__COLLECTED MATERIAL__:
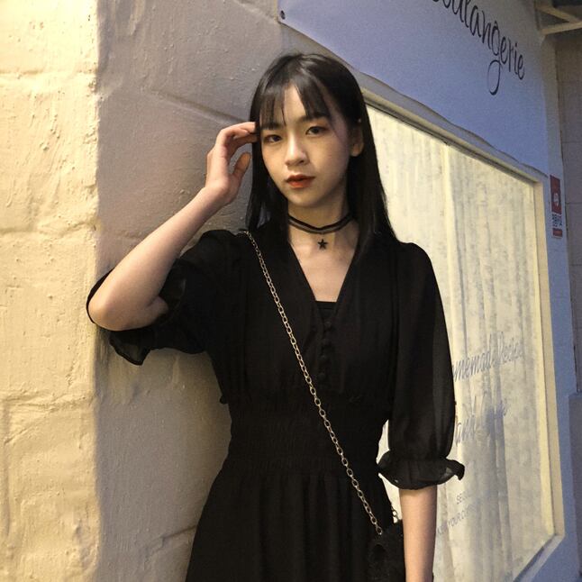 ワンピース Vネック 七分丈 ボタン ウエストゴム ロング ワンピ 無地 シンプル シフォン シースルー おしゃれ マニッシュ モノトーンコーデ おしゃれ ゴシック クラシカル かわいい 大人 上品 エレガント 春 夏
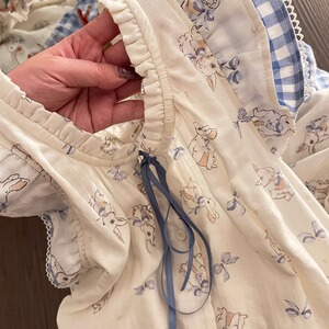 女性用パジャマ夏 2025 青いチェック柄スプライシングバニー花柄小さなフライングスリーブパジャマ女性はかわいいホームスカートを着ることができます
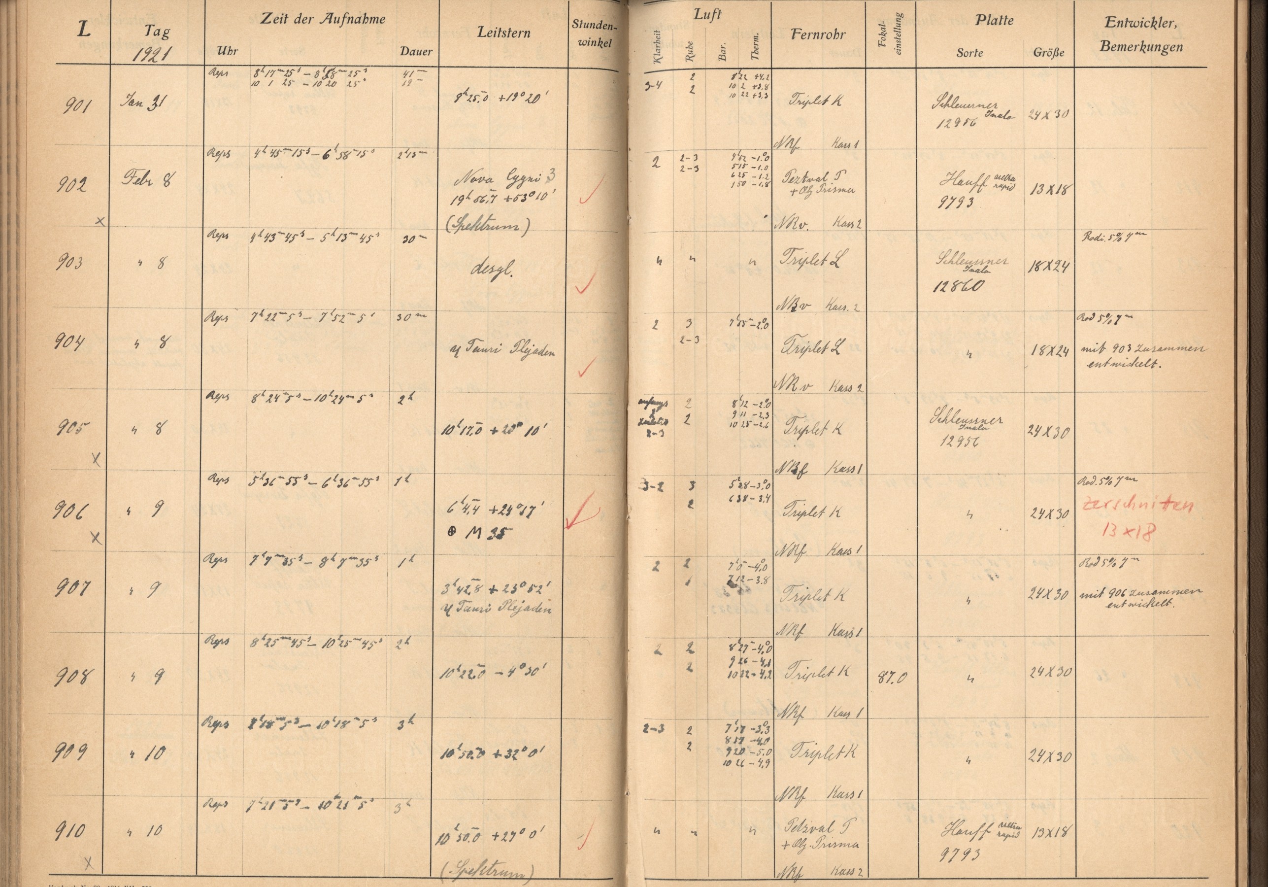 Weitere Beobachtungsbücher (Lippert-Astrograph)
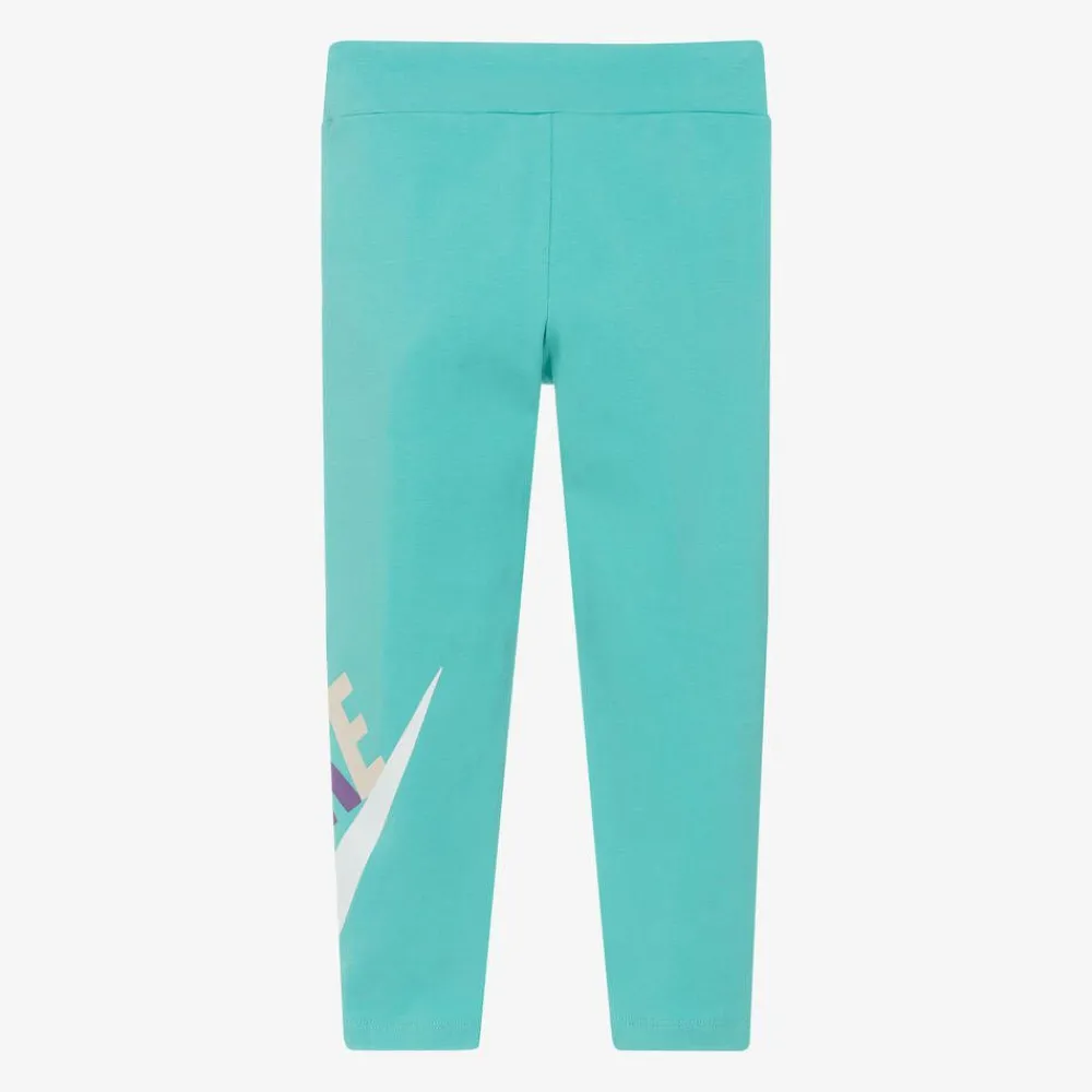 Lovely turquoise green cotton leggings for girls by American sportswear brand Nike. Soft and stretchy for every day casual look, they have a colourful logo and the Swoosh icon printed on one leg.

__EXERCISE GOAL__: Once the pictures are removed, copy the material above exactly.

__RESPONSE TO THE EXERCISE__:
 ワンピース Vネック 七分丈 ボタン ウエストゴム ロング ワンピ 無地 シンプル シフォン シースルー おしゃれ マニッシュ モノトーンコーデ おしゃれ ゴシック クラシカル かわいい 大人 上品 エレガント 春 夏
 女性用パジャマ夏 2025 青いチェック柄スプライシングバニー花柄小さなフライングスリーブパジャマ女性はかわいいホームスカートを着ることができます
 Weitere Beobachtungsbücher (Lippert-Astrograph)
 Lovely turquoise green cotton leggings for girls by American sportswear brand Nike. Soft and stretchy for every day casual look, they have a colourful logo and the Swoosh icon printed on one leg.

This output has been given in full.